Your task
An exact reproduction of the records is required, with all pictures omitted.

Data
-- Opening Marker --

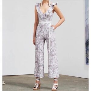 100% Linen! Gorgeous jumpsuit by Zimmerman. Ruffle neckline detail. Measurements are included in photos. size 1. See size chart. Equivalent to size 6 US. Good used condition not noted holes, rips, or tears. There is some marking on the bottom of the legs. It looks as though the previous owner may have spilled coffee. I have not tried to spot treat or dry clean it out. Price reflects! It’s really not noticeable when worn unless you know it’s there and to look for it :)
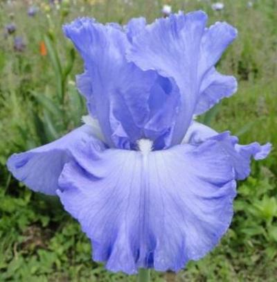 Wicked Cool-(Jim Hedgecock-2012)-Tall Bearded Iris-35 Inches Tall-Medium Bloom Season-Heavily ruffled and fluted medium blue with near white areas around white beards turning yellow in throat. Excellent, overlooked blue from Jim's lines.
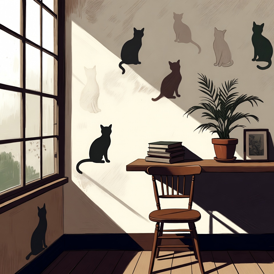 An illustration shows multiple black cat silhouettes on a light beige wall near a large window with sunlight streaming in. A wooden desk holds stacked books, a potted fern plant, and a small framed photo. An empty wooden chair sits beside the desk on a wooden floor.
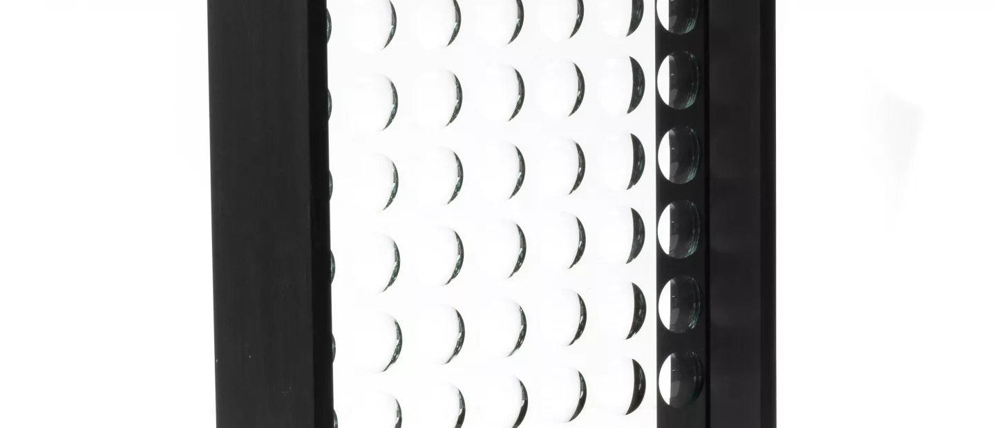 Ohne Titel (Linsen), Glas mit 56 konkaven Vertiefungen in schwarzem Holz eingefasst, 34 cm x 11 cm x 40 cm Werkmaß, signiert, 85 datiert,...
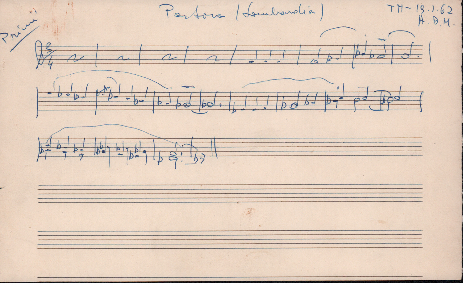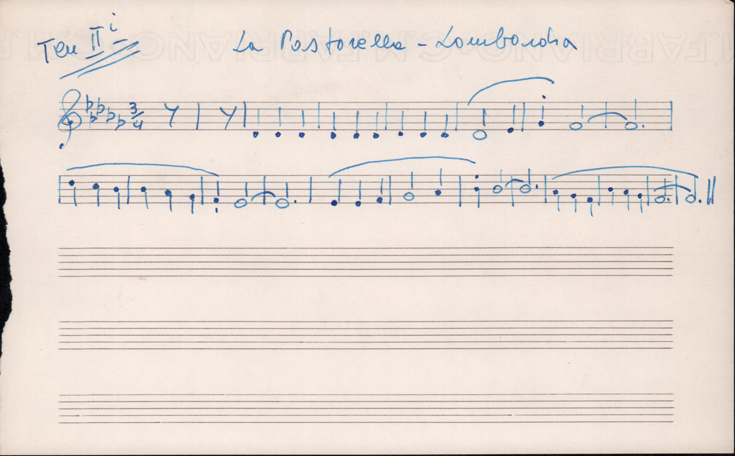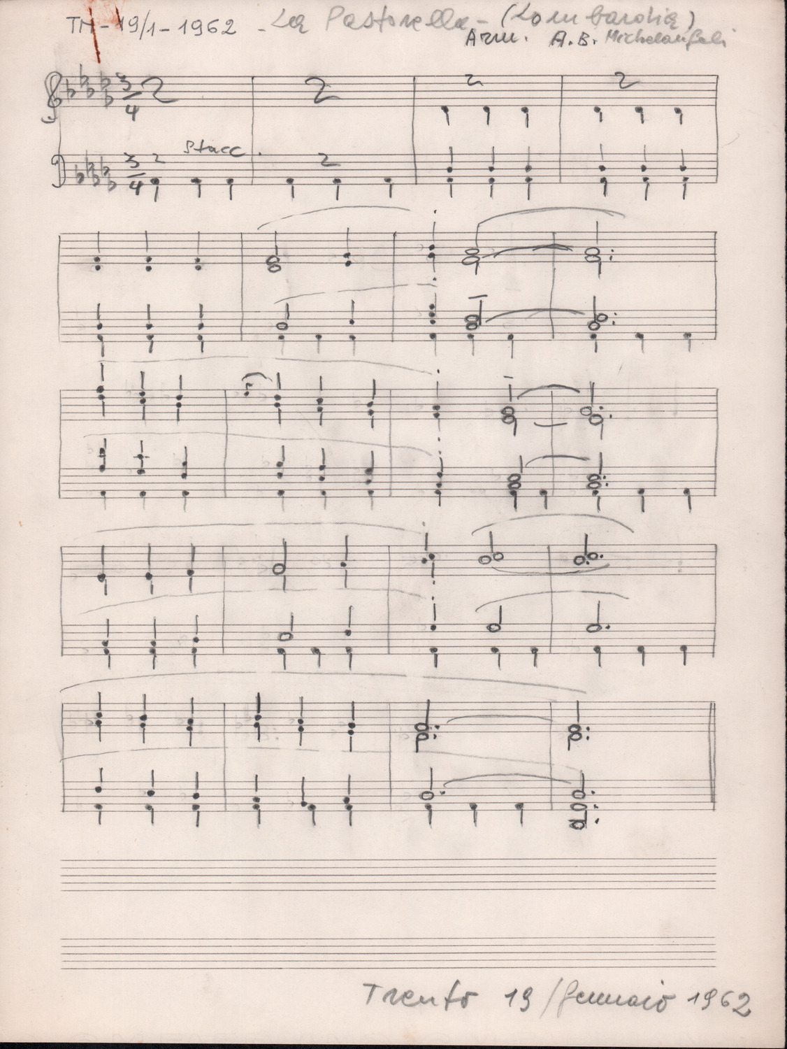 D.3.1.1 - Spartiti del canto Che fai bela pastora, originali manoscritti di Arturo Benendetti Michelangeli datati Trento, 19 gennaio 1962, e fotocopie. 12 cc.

-- Closing Marker --

Result for this task
 100% Linen! Gorgeous jumpsuit by Zimmerman. Ruffle neckline detail. Measurements are included in photos. size 1. See size chart. Equivalent to size 6 US. Good used condition not noted holes, rips, or tears. There is some marking on the bottom of the legs. It looks as though the previous owner may have spilled coffee. I have not tried to spot treat or dry clean it out. Price reflects! It’s really not noticeable when worn unless you know it’s there and to look for it :)
 Wicked Cool-(Jim Hedgecock-2012)-Tall Bearded Iris-35 Inches Tall-Medium Bloom Season-Heavily ruffled and fluted medium blue with near white areas around white beards turning yellow in throat. Excellent, overlooked blue from Jim's lines.
 An illustration shows multiple black cat silhouettes on a light beige wall near a large window with sunlight streaming in. A wooden desk holds stacked books, a potted fern plant, and a small framed photo. An empty wooden chair sits beside the desk on a wooden floor.
 Ohne Titel (Linsen), Glas mit 56 konkaven Vertiefungen in schwarzem Holz eingefasst, 34 cm x 11 cm x 40 cm Werkmaß, signiert, 85 datiert,...
 D.3.1.1 - Spartiti del canto Che fai bela pastora, originali manoscritti di Arturo Benendetti Michelangeli datati Trento, 19 gennaio 1962, e fotocopie. 12 cc.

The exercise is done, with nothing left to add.